### YOUR INSTRUCTIONS
No pictures in the copy, please: retype all the records exactly.

==============================

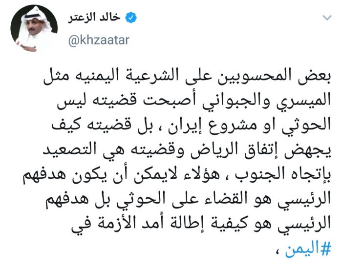 وكتب الزعتر، في تغريدة له عبر موقع التواصل الاجتماعي تويتر، تابعها المشهد العربي: "بعض المحسوبين على الشرعية اليمنية مثل الميسري والجبواني أصبحت قضيته ليس الحوثي أو مشروع إيران، بل قضيته كيف يجهض اتفاق الرياض وقضيته هي التصعيد باتجاه الجنوب".
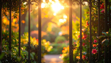 Sunbeams filter through a lush garden gate, casting enchanting shadows and creating a serene atmosphere. Nature beauty is captured in this tranquil scene. Generated A.I.
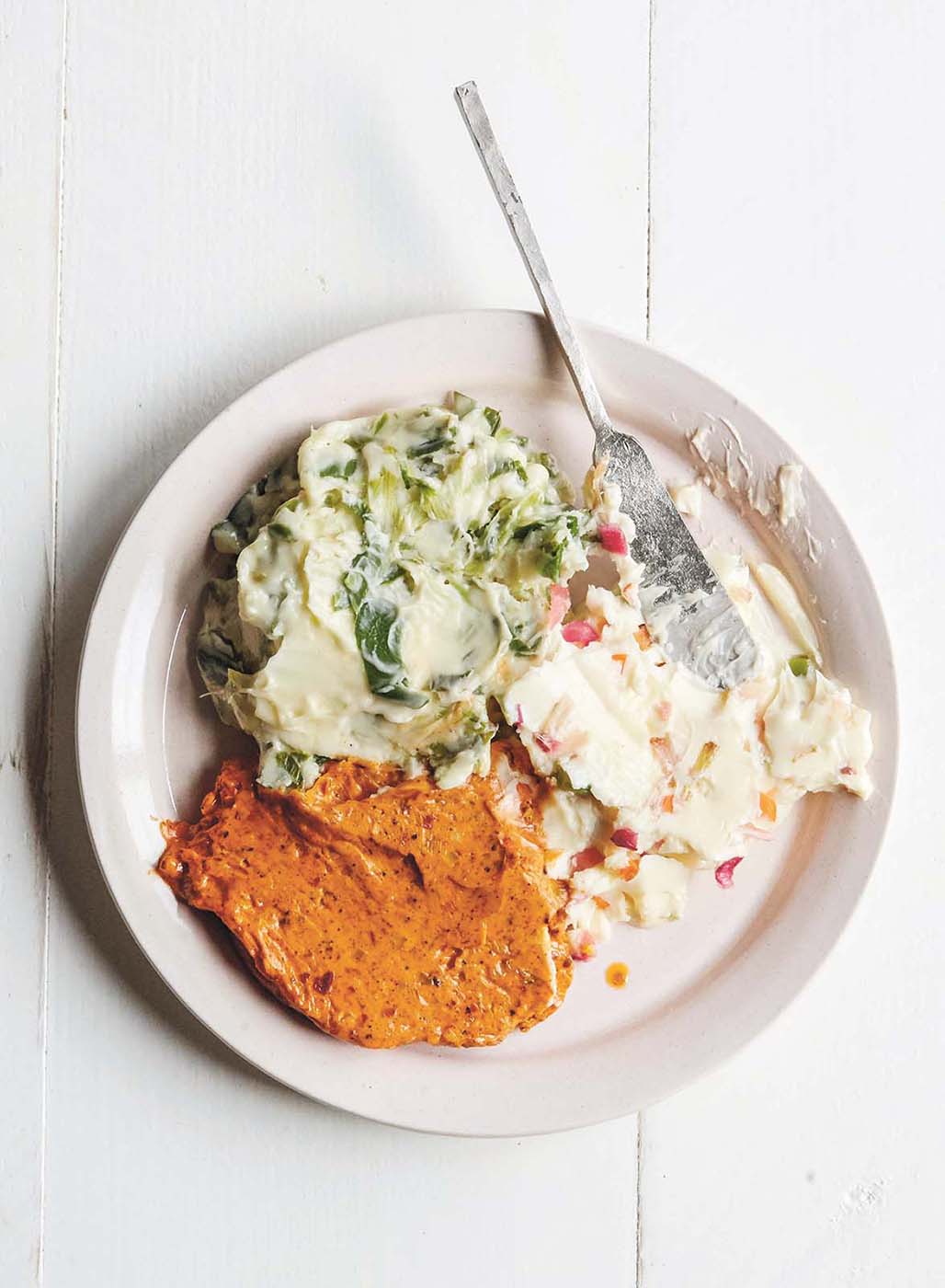 Though my recipes are mostly simple, real cooking takes time . . . but less time if you plan ahead, break up the work, and have everything on hand. In My Larder , I recommend my indispensables, such as anchovies, cheeses, and canned tuna, with my favorite forms and brands. In Go-To Recipes , I share the basics like croutons and roasted almonds, but also yummy condiments like Green Garlic Butter, Whipped Ricotta, Caper-Raisin Vinaigrette, Charred Scallion Salsa Verde, and Pistachio Butter. Each one is super versatile and keeps for weeks; I suggest ideas for using them beyond the recipes in this book. And we can’t forget pickles—I make quick refrigerator pickles out of everything that enters my kitchen; I’ve mapped out a few favorites for you on Pickles: Six Seasons in a Jar .
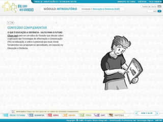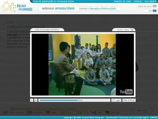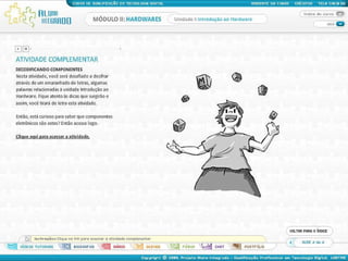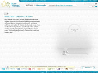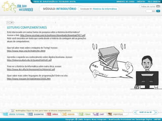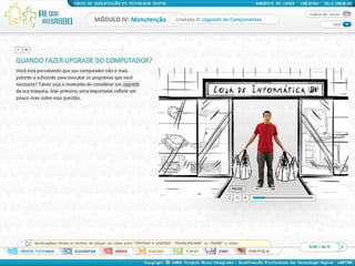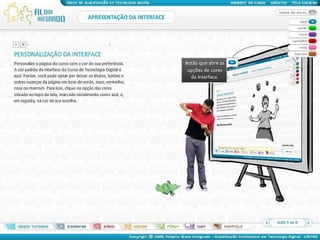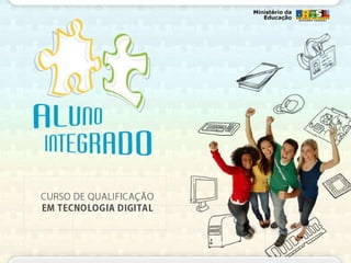 O documento descreve um curso para qualificar estudantes de escolas públicas em tecnologias da informação. O curso visa melhorar o aprendizado e desenvolvimento humano por meio das TIC, ensinando alunos a monitorar ambientes informatizados e auxiliar outros na aprendizagem. O curso é voltado para alunos a partir do oitavo ano e oferece certificado da UFG, beneficiando o currículo dos alunos.
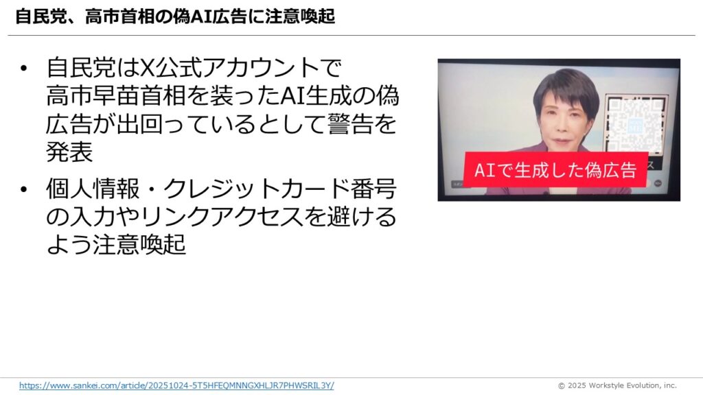 ・自民党はX公式アカウントで高市早苗首相を装ったAI生成の偽広告が出回っているとして警告を発表
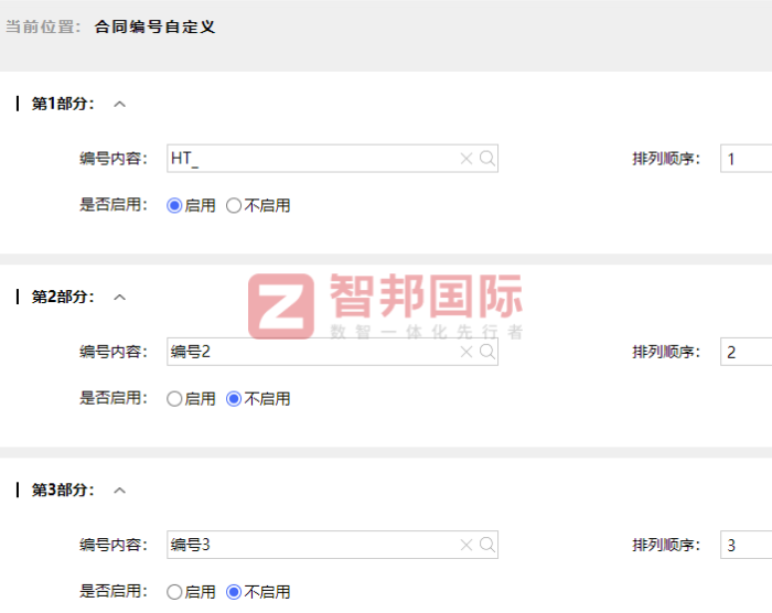 智邦一体化ERP天工系列合同编号自定义(局部图)
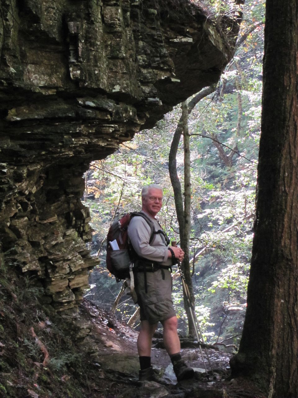There are many trails within South Cumberland. We chose Fiery Gizzard since the trailhead was only about 3 miles from the Visitor Center. Fiery Gizzard is a linear trial of about 13 miles. We didn’t have a second car to run a shuttle nor did we want to hike 26 miles, so we opted to take Fiery Gizzard into the gorge 1.5 miles to the Dog Hole Trail. Dog Hole climbes out of the gorge and runs along the rim on the plateau for 2.8 miles before intersecting with Fiery Gizzard where it comes out of the gorge. For our return to the trailhead, we took Fiery Gizzard back into the gorge for the 4.6 miles walk to the car. Of course, we had to climb out of the gorge one more time to the parking lot.
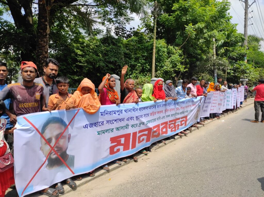 যশোরের মণিরামপুর উপজেলার হাকোবা গ্রামের ভ্যানচালক মিন্টু হোসেন হত্যার প্রধান আসামি বড় সাব্বিরসহ জড়িত সকলের সর্বোচ্চ শাস্তির দাবিতে এবং আসামীদের অব্যাহত হুমকির প্রতিবাদে মানববন্ধন কর্মসূচি পালন করেছে নিহতের পরিবার। মঙ্গলবার সকালে যশোর প্রেস ক্লাবের সামনে এই মানববন্ধন অনুষ্ঠিত হয়।
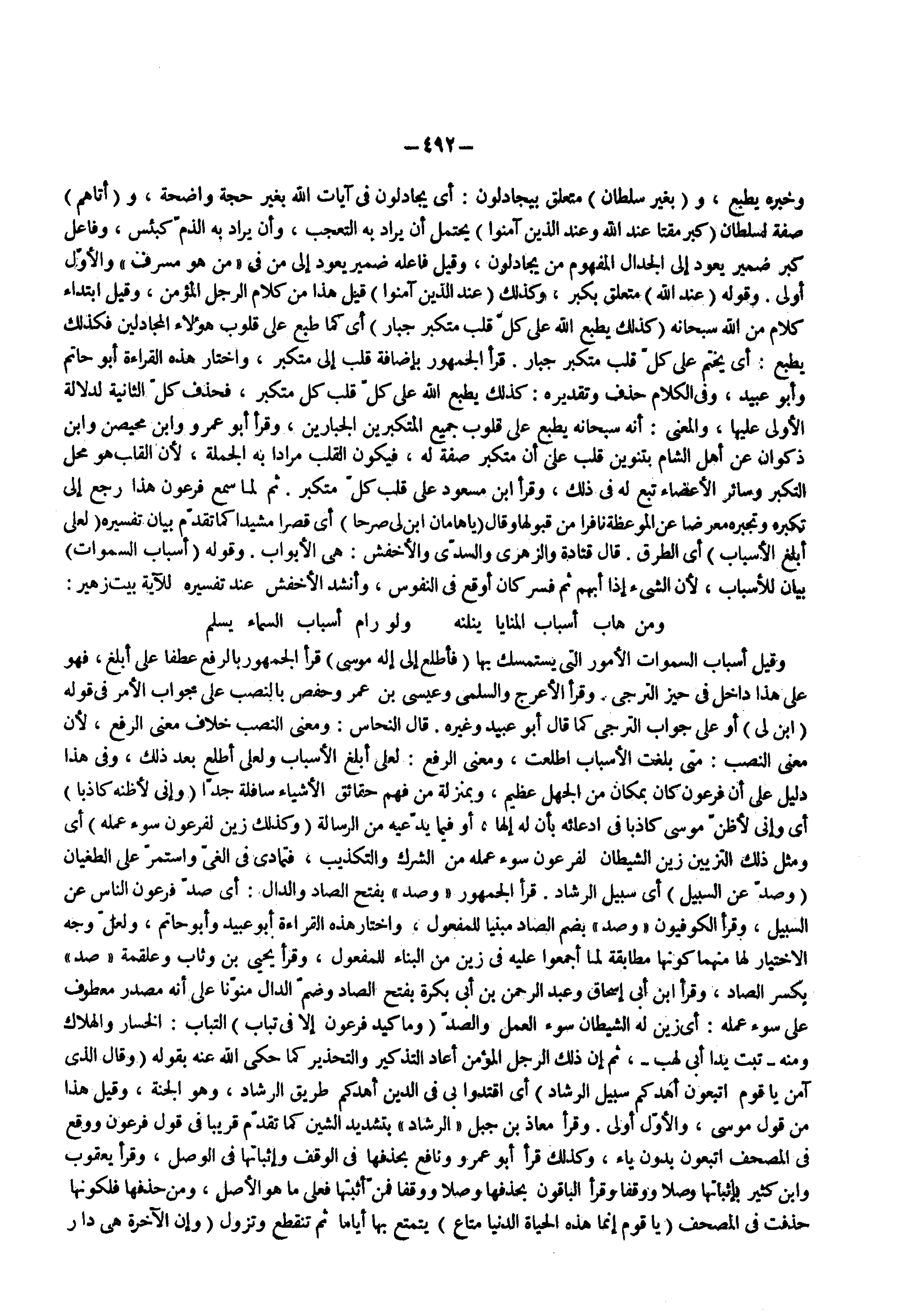 وقيل أسباب السموات الأمور التى يستمسك بها ) فأطلع إلى إله موسى ( قرأ الجمهور بالرفع عطفا على أبلغ فهو على هذا داخل فى حيز الترجى وقرأ الأعرج والسلمى وعيسى بن عمر وحفص بالنصب على جواب الأمر فى قوله ) ابن لي ( أو على جواب الترجى كما قال أبو عبيد وغيره قال النحاس ومعنى النصب خلاف معنى الرفع لأن معنى النصب متى بلغت الأسباب اطلعت ومعنى الرفع لعلى أبلغ الأسباب ولعلى أطلع بعد ذلك وفى هذا دليل أن فرعون كان بمكان من الجهل عظيم وبمنزلة من فهم حقائق الأشياء سافلة جدا ) وإني لأظنه كاذبا ( أى وإنى لأظن موسى كاذبا فى ادعائه بأن له إلها أو فيما يدعيه من الرسالة ) وكذلك زين لفرعون سوء عمله ( أى ومثل ذلك التزيين زين الشيطان لفرعون سوء عمله من الشرك والتكذيب فتمادى فى الغى واستمر على الطغيان ) وصد عن السبيل ( أى سبيل الرشاد قرأ الجمهور وصد بفتح الصاد والدال أى صد فرعون الناس عن السبيل وقرأ الكوفيون وصد بضم الصاد مبنيا للمفعول واختار هذه القراءة أبو عبيد وأبو حاتم ولعل وجه الاختيار لها منهما كونها مطابقة لما أجمعوا عليه فى زين من البناء للمفعول وقرأ يحيى بن وثاب وعلقمة صد بكسر الصاد وقرأ ابن أبى إسحاق وعبد الرحمن بن أبى بكرة بفتح الصاد وضم الدال منونا على أنه مصدر معطوف على سوء عمله أى زين له الشيطان سوء العمل والصد ) وما كيد فرعون إلا في تباب ( التباب الخسار والهلاك ومنه ) تبت يدا أبي لهب )
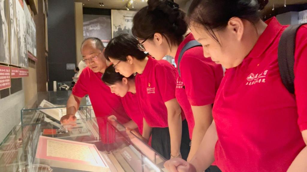 沿着百年脉络,团队成员依次参观了各个展区,马克思的亲笔手稿、“一大”会址复原景观、中共创始人之一李大钊受刑的绞刑架、开国大典上毛泽东主席穿的中山装、20世纪七八十年代的“老物件”……一件件珍贵的文物实物、一份份翔实的档案资料、一条条生动的影像视频、一个个逼真的复原场景,生动再现了中国共产党从诞生到成长、从苦难到辉煌的百年奋斗历程。团队成员时而驻足凝视,时而交流感悟,围绕展柜里的一封封书信展开研讨,共同追寻红色记忆,感受革命精神,汲取奋进力量。

==============================

### ANSWER SECTION
 وكتب الزعتر، في تغريدة له عبر موقع التواصل الاجتماعي تويتر، تابعها المشهد العربي: "بعض المحسوبين على الشرعية اليمنية مثل الميسري والجبواني أصبحت قضيته ليس الحوثي أو مشروع إيران، بل قضيته كيف يجهض اتفاق الرياض وقضيته هي التصعيد باتجاه الجنوب".
 Sunbeams filter through a lush garden gate, casting enchanting shadows and creating a serene atmosphere. Nature beauty is captured in this tranquil scene. Generated A.I.
 Though my recipes are mostly simple, real cooking takes time . . . but less time if you plan ahead, break up the work, and have everything on hand. In My Larder , I recommend my indispensables, such as anchovies, cheeses, and canned tuna, with my favorite forms and brands. In Go-To Recipes , I share the basics like croutons and roasted almonds, but also yummy condiments like Green Garlic Butter, Whipped Ricotta, Caper-Raisin Vinaigrette, Charred Scallion Salsa Verde, and Pistachio Butter. Each one is super versatile and keeps for weeks; I suggest ideas for using them beyond the recipes in this book. And we can’t forget pickles—I make quick refrigerator pickles out of everything that enters my kitchen; I’ve mapped out a few favorites for you on Pickles: Six Seasons in a Jar .
 O documento descreve um curso para qualificar estudantes de escolas públicas em tecnologias da informação. O curso visa melhorar o aprendizado e desenvolvimento humano por meio das TIC, ensinando alunos a monitorar ambientes informatizados e auxiliar outros na aprendizagem. O curso é voltado para alunos a partir do oitavo ano e oferece certificado da UFG, beneficiando o currículo dos alunos.
 ・自民党はX公式アカウントで高市早苗首相を装ったAI生成の偽広告が出回っているとして警告を発表
 智邦一体化ERP天工系列合同编号自定义(局部图)
There are many trails within South Cumberland. We chose Fiery Gizzard since the trailhead was only about 3 miles from the Visitor Center. Fiery Gizzard is a linear trial of about 13 miles. We didn’t have a second car to run a shuttle nor did we want to hike 26 miles, so we opted to take Fiery Gizzard into the gorge 1.5 miles to the Dog Hole Trail. Dog Hole climbes out of the gorge and runs along the rim on the plateau for 2.8 miles before intersecting with Fiery Gizzard where it comes out of the gorge. For our return to the trailhead, we took Fiery Gizzard back into the gorge for the 4.6 miles walk to the car. Of course, we had to climb out of the gorge one more time to the parking lot.
 যশোরের মণিরামপুর উপজেলার হাকোবা গ্রামের ভ্যানচালক মিন্টু হোসেন হত্যার প্রধান আসামি বড় সাব্বিরসহ জড়িত সকলের সর্বোচ্চ শাস্তির দাবিতে এবং আসামীদের অব্যাহত হুমকির প্রতিবাদে মানববন্ধন কর্মসূচি পালন করেছে নিহতের পরিবার। মঙ্গলবার সকালে যশোর প্রেস ক্লাবের সামনে এই মানববন্ধন অনুষ্ঠিত হয়।
 وقيل أسباب السموات الأمور التى يستمسك بها ) فأطلع إلى إله موسى ( قرأ الجمهور بالرفع عطفا على أبلغ فهو على هذا داخل فى حيز الترجى وقرأ الأعرج والسلمى وعيسى بن عمر وحفص بالنصب على جواب الأمر فى قوله ) ابن لي ( أو على جواب الترجى كما قال أبو عبيد وغيره قال النحاس ومعنى النصب خلاف معنى الرفع لأن معنى النصب متى بلغت الأسباب اطلعت ومعنى الرفع لعلى أبلغ الأسباب ولعلى أطلع بعد ذلك وفى هذا دليل أن فرعون كان بمكان من الجهل عظيم وبمنزلة من فهم حقائق الأشياء سافلة جدا ) وإني لأظنه كاذبا ( أى وإنى لأظن موسى كاذبا فى ادعائه بأن له إلها أو فيما يدعيه من الرسالة ) وكذلك زين لفرعون سوء عمله ( أى ومثل ذلك التزيين زين الشيطان لفرعون سوء عمله من الشرك والتكذيب فتمادى فى الغى واستمر على الطغيان ) وصد عن السبيل ( أى سبيل الرشاد قرأ الجمهور وصد بفتح الصاد والدال أى صد فرعون الناس عن السبيل وقرأ الكوفيون وصد بضم الصاد مبنيا للمفعول واختار هذه القراءة أبو عبيد وأبو حاتم ولعل وجه الاختيار لها منهما كونها مطابقة لما أجمعوا عليه فى زين من البناء للمفعول وقرأ يحيى بن وثاب وعلقمة صد بكسر الصاد وقرأ ابن أبى إسحاق وعبد الرحمن بن أبى بكرة بفتح الصاد وضم الدال منونا على أنه مصدر معطوف على سوء عمله أى زين له الشيطان سوء العمل والصد ) وما كيد فرعون إلا في تباب ( التباب الخسار والهلاك ومنه ) تبت يدا أبي لهب )
 沿着百年脉络,团队成员依次参观了各个展区,马克思的亲笔手稿、“一大”会址复原景观、中共创始人之一李大钊受刑的绞刑架、开国大典上毛泽东主席穿的中山装、20世纪七八十年代的“老物件”……一件件珍贵的文物实物、一份份翔实的档案资料、一条条生动的影像视频、一个个逼真的复原场景,生动再现了中国共产党从诞生到成长、从苦难到辉煌的百年奋斗历程。团队成员时而驻足凝视,时而交流感悟,围绕展柜里的一封封书信展开研讨,共同追寻红色记忆,感受革命精神,汲取奋进力量。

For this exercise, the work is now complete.